Data excerpt:

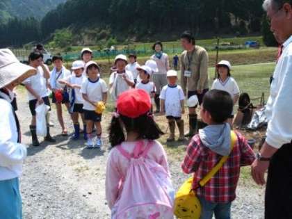 静原小学校と田植えの交流をしました。楽しかったよ!
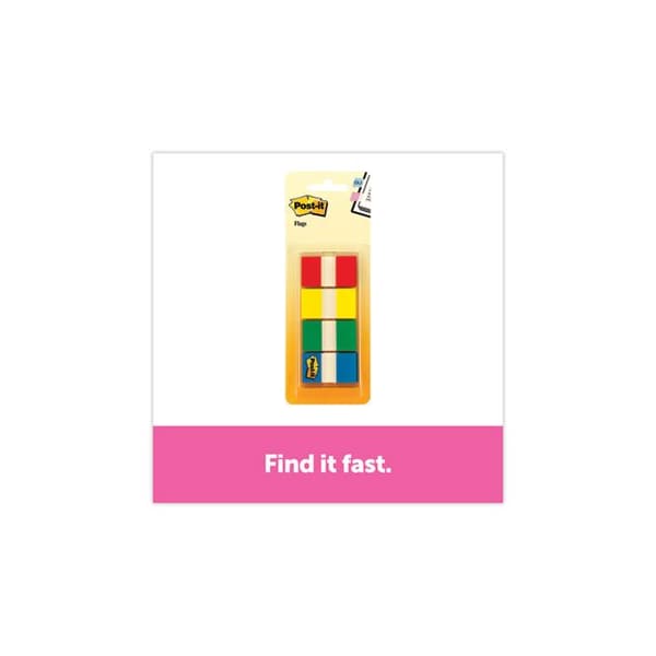 Find it fast with Post-it Flags in bright eye-catching colors that get noticed. They make it simple to mark or highlight important information in textbooks, calendars, notebooks, planners and more. They stick securely, remove cleanly and come in a wide variety of colors. Draw attention to critical items or use them to index, file or color code your work, either at home, work or in the classroom. Try with Post-it Notes for the ultimate study duo. Colors: Assorted Primary; Color Family: Multicolor; Dispenser: Pop-Up; Assortment: Blue; Green; Red; Yellow.
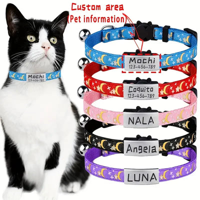 Gepersonaliseerde Kat Honde Halsband met Klokkie en Gegraveerde Naamplaatjie
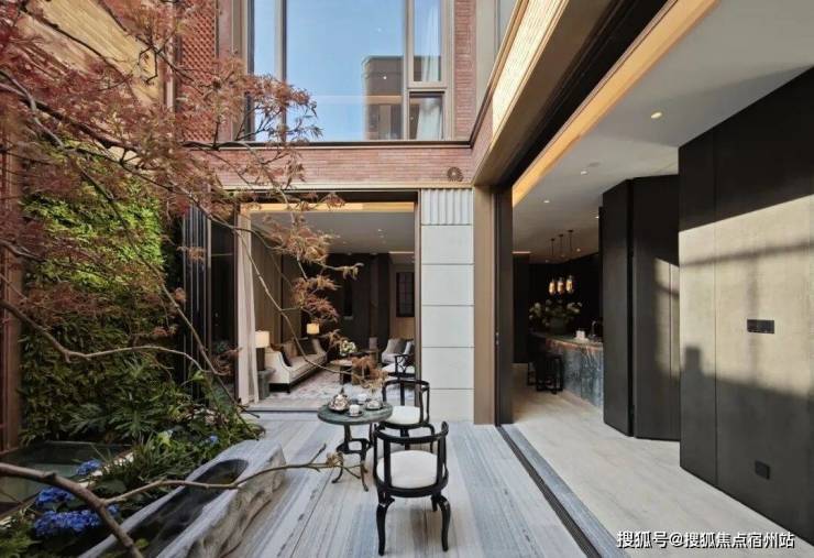 在稀贵的场地内,项目在空间规划时选择主动拔掉一栋楼来造园,作为整个项目透气的“眼”;在此基础上,又往下深挖三层,创造出空间丰富的垂直山水庭院,围绕这个庭院又布置了层层递进的配套会所体系,打造出繁华闹市中的桃花源。

Task objective: Your copy should hold each line above exactly and no pictures at all.

Written reply:
 静原小学校と田植えの交流をしました。楽しかったよ!
 Find it fast with Post-it Flags in bright eye-catching colors that get noticed. They make it simple to mark or highlight important information in textbooks, calendars, notebooks, planners and more. They stick securely, remove cleanly and come in a wide variety of colors. Draw attention to critical items or use them to index, file or color code your work, either at home, work or in the classroom. Try with Post-it Notes for the ultimate study duo. Colors: Assorted Primary; Color Family: Multicolor; Dispenser: Pop-Up; Assortment: Blue; Green; Red; Yellow.
 Gepersonaliseerde Kat Honde Halsband met Klokkie en Gegraveerde Naamplaatjie
 在稀贵的场地内,项目在空间规划时选择主动拔掉一栋楼来造园,作为整个项目透气的“眼”;在此基础上,又往下深挖三层,创造出空间丰富的垂直山水庭院,围绕这个庭院又布置了层层递进的配套会所体系,打造出繁华闹市中的桃花源。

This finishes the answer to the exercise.